What do most good poems have in common?

What most good poems have in common is honesty/truth, imagery, and precision. Form is important, especially if the poem is written for the page; e.g. line breaks, punctuation, enjambment, etc. All of these work to make the poem flow and add meaning to the words. Form can also help teach the poet discipline. Discipline is important for a poet, helps them to know how to show rather than telling; using two words to describe an object instead of ten.

Poetry is like…

Poetry is like being on the top of a snow covered mountain middle of winter; where the air is thin yet transparent. You can see off into the distance for miles in any direction. The altitude can be a little daunting at first and a little difficult to breath. But once you open your lungs to that breathing, that freshness of the air, distilled for you to breathe the way you were intended. You hear every sound including the rhythm of your heart. Your skis are locked, mask is down, and your glide over the edge and your carve the snow and air and though this was what you were always intended to do.

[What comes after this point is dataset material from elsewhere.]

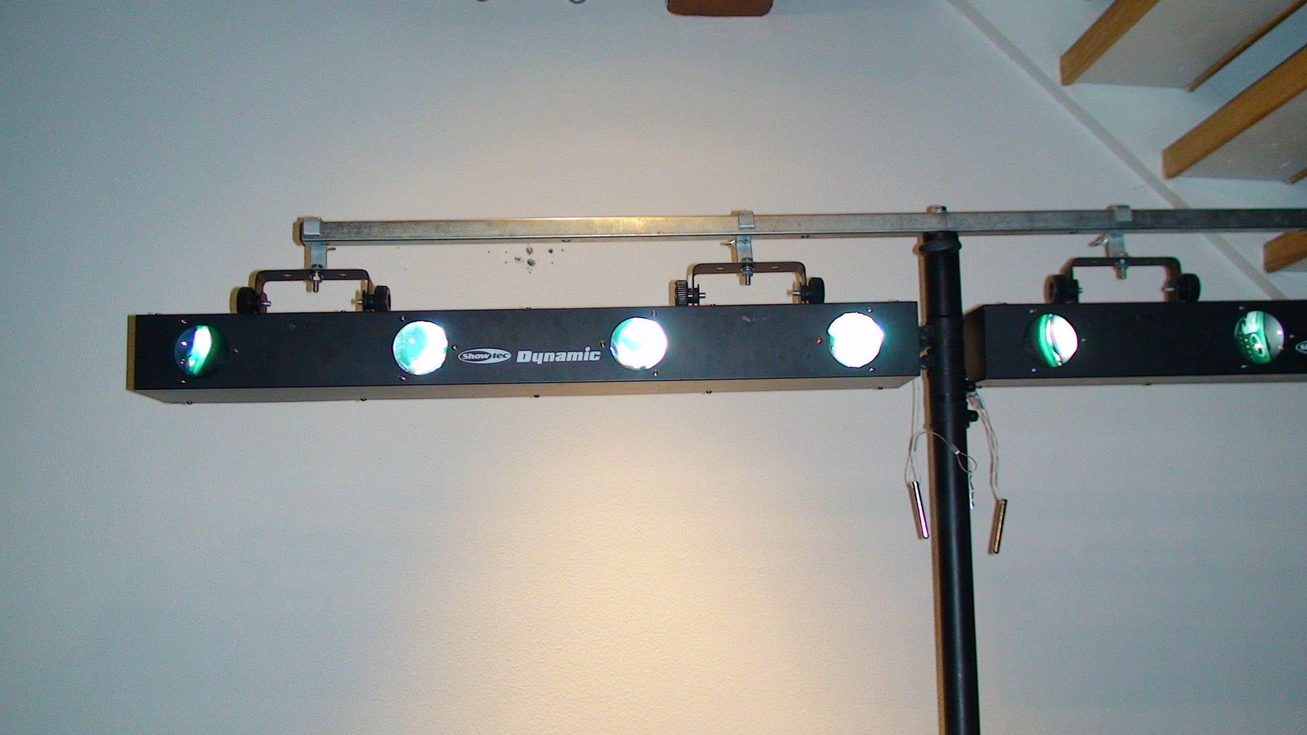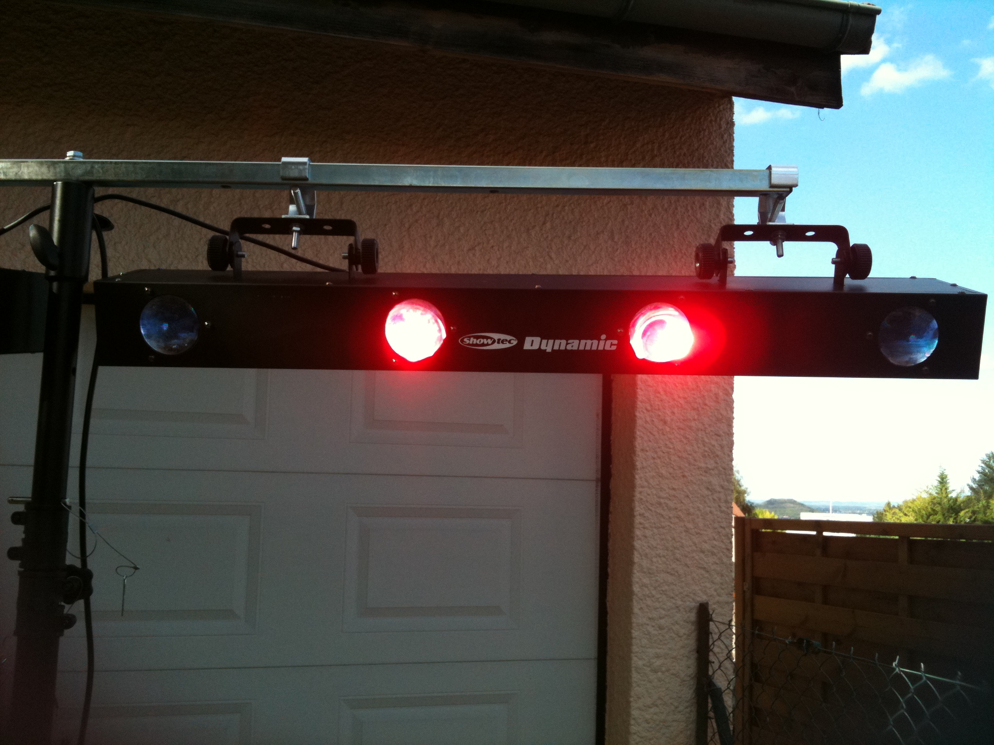 Pack 4+4 Dynamic LED Caractéristiques : Valeur caution : 400 € Location jour semaine : 25 € (hors jours fériés et veilles de fêtes) Livré avec un pied télescopique 2 MODULES DYNAMIC avec chacun 4 faisceaux Led consomme très peu Fonctionne au rythme de la musique Projette une multitude de points de différentes couleurs

Conney D. Williams is a Los Angeles based poet, actor and performance artist originally from Shreveport, Louisiana where he worked a radio personality. He has two collections of poetry “Leaves of Spilled Spirit from an Untamed Poet (2002)” and his most recent, “Blues Red Soul Falsetto (2012).” His poetry has been published in various publications, newspapers, and anthologies (Voices From Leimert, At the End of the Day, Drumming Between Us). He is the Artistic Director at the World Stage Performance Gallery where he facilitates the Anansi Writers Workshop. He is a community activist and has worked with youth for over 25 years. He is formerly an ordained minister and Youth Pastor in the Church of God in Christ. He has hosted a weekly cable television show and also recorded a gospel rap cd called L.I.F.E (1985). He has been the Poet’s Stage Coordinator for the Leimert Park Village  Book  Fair since its inception; and also the Annual Leimert Park Village African Art & Music Festival for three years (2012-2014). He has performed his poetry on television, radio (KJLH, KPFK), universities (USC, UCLA, Claremont, CSLB, Antioch, CS-Northridge, and others),  cultural events & organizations (Black Arts Festival, CAAM), for the City & County of Los Angeles, across the U.S., and he regularly curates poetry events in Los Angeles.